After reading, tidying, and exploring your data, the next step is data modeling—using your data to answer questions or make predictions.
Data modeling includes both predictive modeling (like machine learning) and inferential statistics (like hypothesis testing).
R provides several tidy and user-friendly packages for modeling, making the process more consistent and approachable.

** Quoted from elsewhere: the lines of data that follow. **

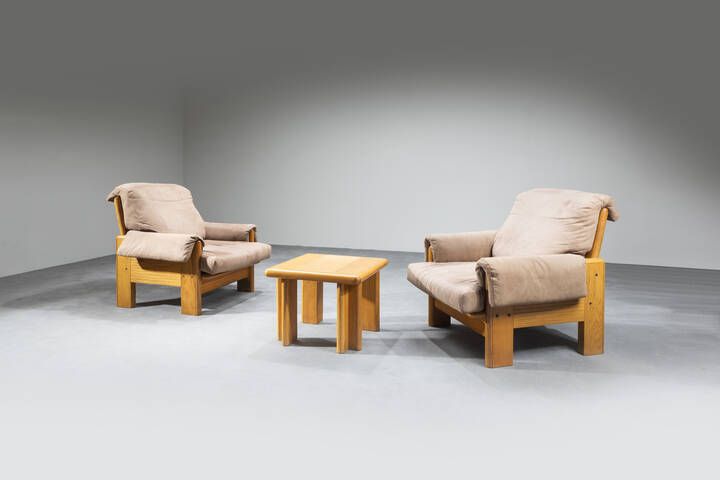 Coppia di poltrone in legno massello e imbottitura rivestita in tessto e tavolino in legno massello. Anni '80 cm 92x80x92 cm 46x60x60 Difetti
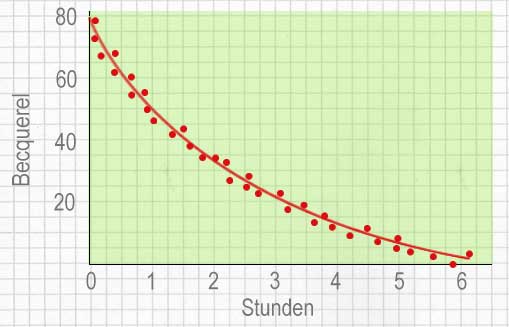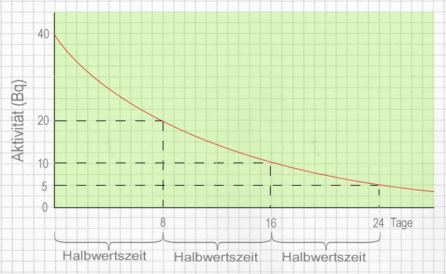 Die Grafik weiter unten zeigt, wie sich die Aktivität einer Iod-131-Probe im Durchschnitt mit der Zeit ändert. Da die Aktivität immer proportional zur Anzahl der noch nicht zerfallenen Atomkerne ist, halbiert auch sie sich alle 8 Tage. Die Halbwertszeit hat also noch eine andere Bedeutung: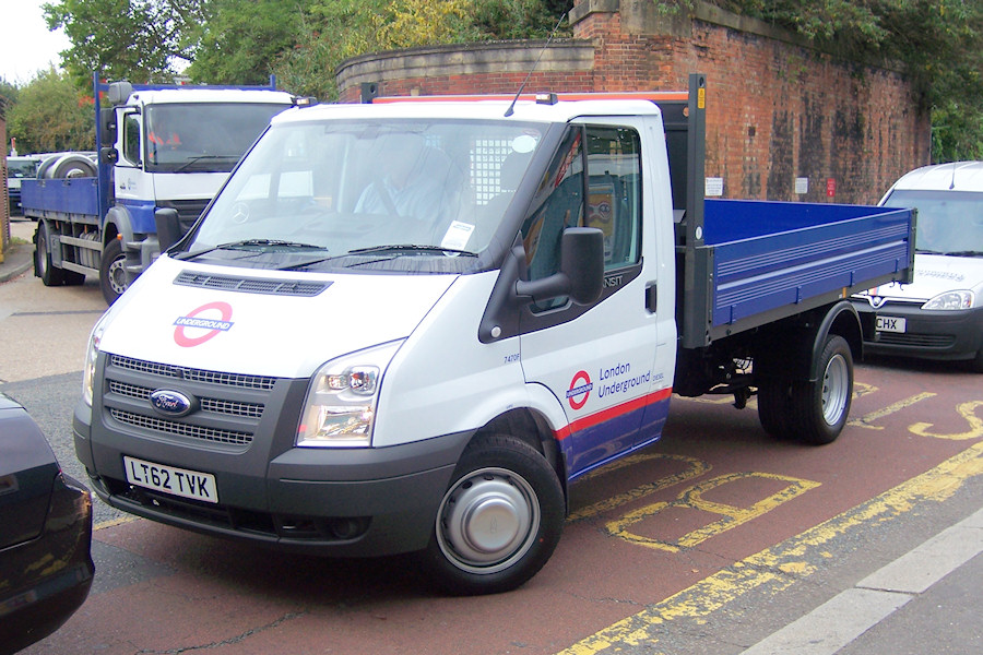 Details: The first '62-reg service vehicle to be shown on this site is Ford Transit dropside truck 7470F, photographed leaving Acton Works on 10th September 2012. Also visible are one of the Mercedes Axor lorries and an Iveco Stralis. |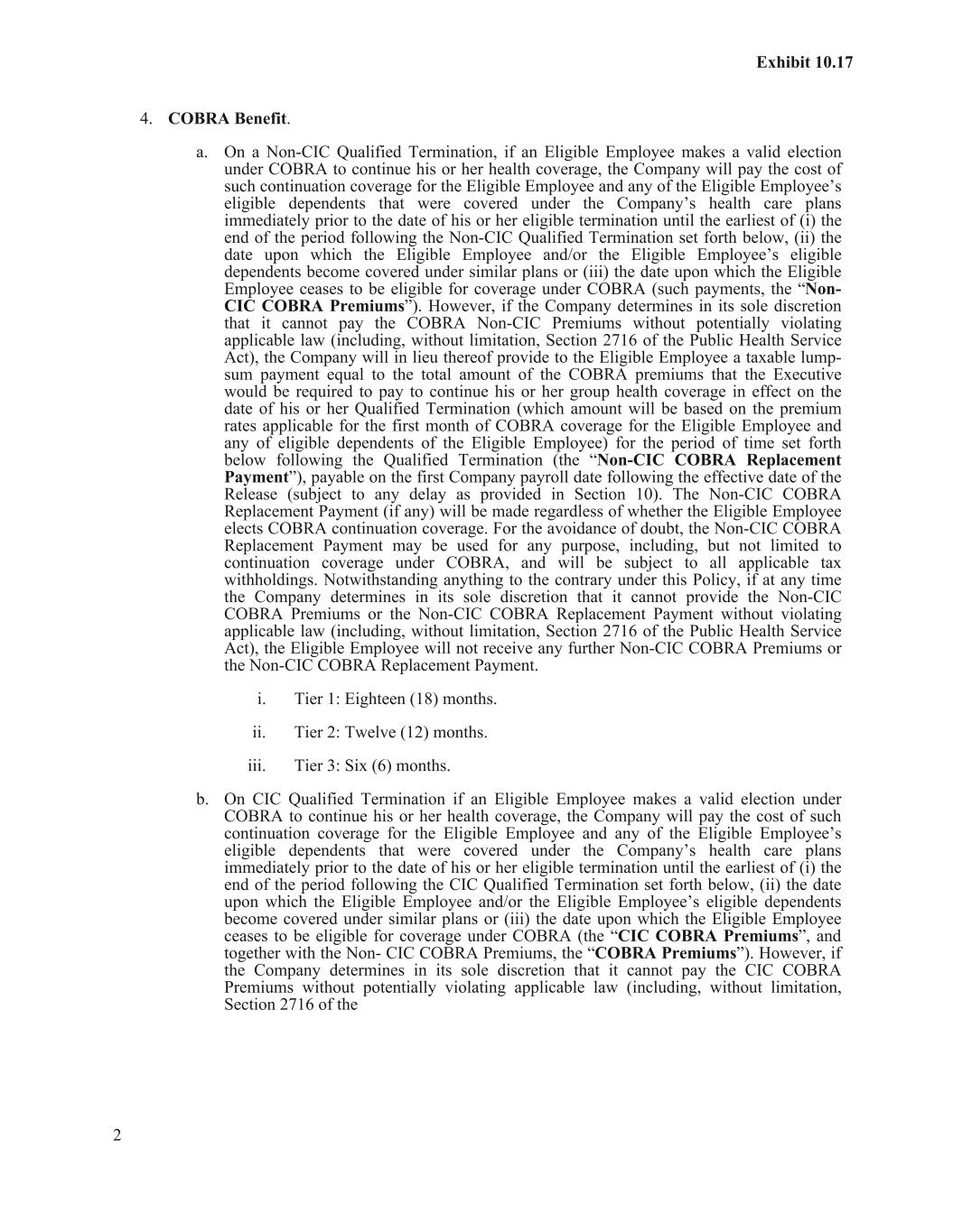 4. COBRA Benefit. a. On a Non-CIC Qualified Termination, if an Eligible Employee makes a valid election under COBRA to continue his or her health coverage, the Company will pay the cost of such continuation coverage for the Eligible Employee and any of the Eligible Employee’s eligible dependents that were covered under the Company’s health care plans immediately prior to the date of his or her eligible termination until the earliest of (i) the end of the period following the Non-CIC Qualified Termination set forth below, (ii) the date upon which the Eligible Employee and/or the Eligible Employee’s eligible dependents become covered under similar plans or (iii) the date upon which the Eligible Employee ceases to be eligible for coverage under COBRA (such payments, the “Non- CIC COBRA Premiums”). However, if the Company determines in its sole discretion that it cannot pay the COBRA Non-CIC Premiums without potentially violating applicable law (including, without limitation, Section 2716 of the Public Health Service Act), the Company will in lieu thereof provide to the Eligible Employee a taxable lump- sum payment equal to the total amount of the COBRA premiums that the Executive would be required to pay to continue his or her group health coverage in effect on the date of his or her Qualified Termination (which amount will be based on the premium rates applicable for the first month of COBRA coverage for the Eligible Employee and any of eligible dependents of the Eligible Employee) for the period of time set forth below following the Qualified Termination (the “Non-CIC COBRA Replacement Payment”), payable on the first Company payroll date following the effective date of the Release (subject to any delay as provided in Section 10). The Non-CIC COBRA Replacement Payment (if any) will be made regardless of whether the Eligible Employee elects COBRA continuation coverage. For the avoidance of doubt, the Non-CIC COBRA Replacement Payment may be used for any purpose, including, but not limited to continuation coverage under COBRA, and will be subject to all applicable tax withholdings. Notwithstanding anything to the contrary under this Policy, if at any time the Company determines in its sole discretion that it cannot provide the Non-CIC COBRA Premiums or the Non-CIC COBRA Replacement Payment without violating applicable law (including, without limitation, Section 2716 of the Public Health Service Act), the Eligible Employee will not receive any further Non-CIC COBRA Premiums or the Non-CIC COBRA Replacement Payment. i. Tier 1: Eighteen (18) months. ii. Tier 2: Twelve (12) months. iii. Tier 3: Six (6) months. b. On CIC Qualified Termination if an Eligible Employee makes a valid election under COBRA to continue his or her health coverage, the Company will pay the cost of such continuation coverage for the Eligible Employee and any of the Eligible Employee’s eligible dependents that were covered under the Company’s health care plans immediately prior to the date of his or her eligible termination until the earliest of (i) the end of the period following the CIC Qualified Termination set forth below, (ii) the date upon which the Eligible Employee and/or the Eligible Employee’s eligible dependents become covered under similar plans or (iii) the date upon which the Eligible Employee ceases to be eligible for coverage under COBRA (the “CIC COBRA Premiums”, and together with the Non- CIC COBRA Premiums, the “COBRA Premiums”). However, if the Company determines in its sole discretion that it cannot pay the CIC COBRA Premiums without potentially violating applicable law (including, without limitation, Section 2716 of the Exhibit 10.17 2

Key Packages and Ecosystems for Data Modeling

tidymodels ecosystem
- A collection of packages for building, evaluating, and tuning predictive models and machine learning workflows.
- Handles data splitting, preprocessing, model fitting, and performance assessment in a unified way.
- Lets you use a wide range of algorithms from different R packages with a consistent, tidy syntax.
broom
- Converts statistical model outputs (like those from lm(), glm(), etc.) into tidy data frames.
- Makes it easy to extract and work with model results for reporting and visualization.
infer
- Provides a tidy, consistent grammar for statistical inference (e.g., t-tests, permutation tests).
- Standardizes syntax for different statistical tests, making inferential analysis easier to learn and apply.
tidyverts (tsibble, feasts, fable)
- A suite of packages for tidy time series analysis and forecasting.
- tsibble: A time-series version of a tibble, designed for organizing and wrangling temporal data.
- feasts: Tools for analyzing and extracting features from time series data.
- fable: Provides a range of forecasting models and tools for evaluating and visualizing forecasts, all within a tidy workflow.

Workflow Flow:

Prepare your data (tidy, clean, and explore).
Choose the right modeling approach (predictive, inferential, or time series).
Use tidymodels for machine learning and predictive modeling.
Use broom and infer for tidy statistical inference and hypothesis testing.
Use tidyverts packages for time series analysis and forecasting.
Interpret and communicate your results using tidy outputs and visualizations.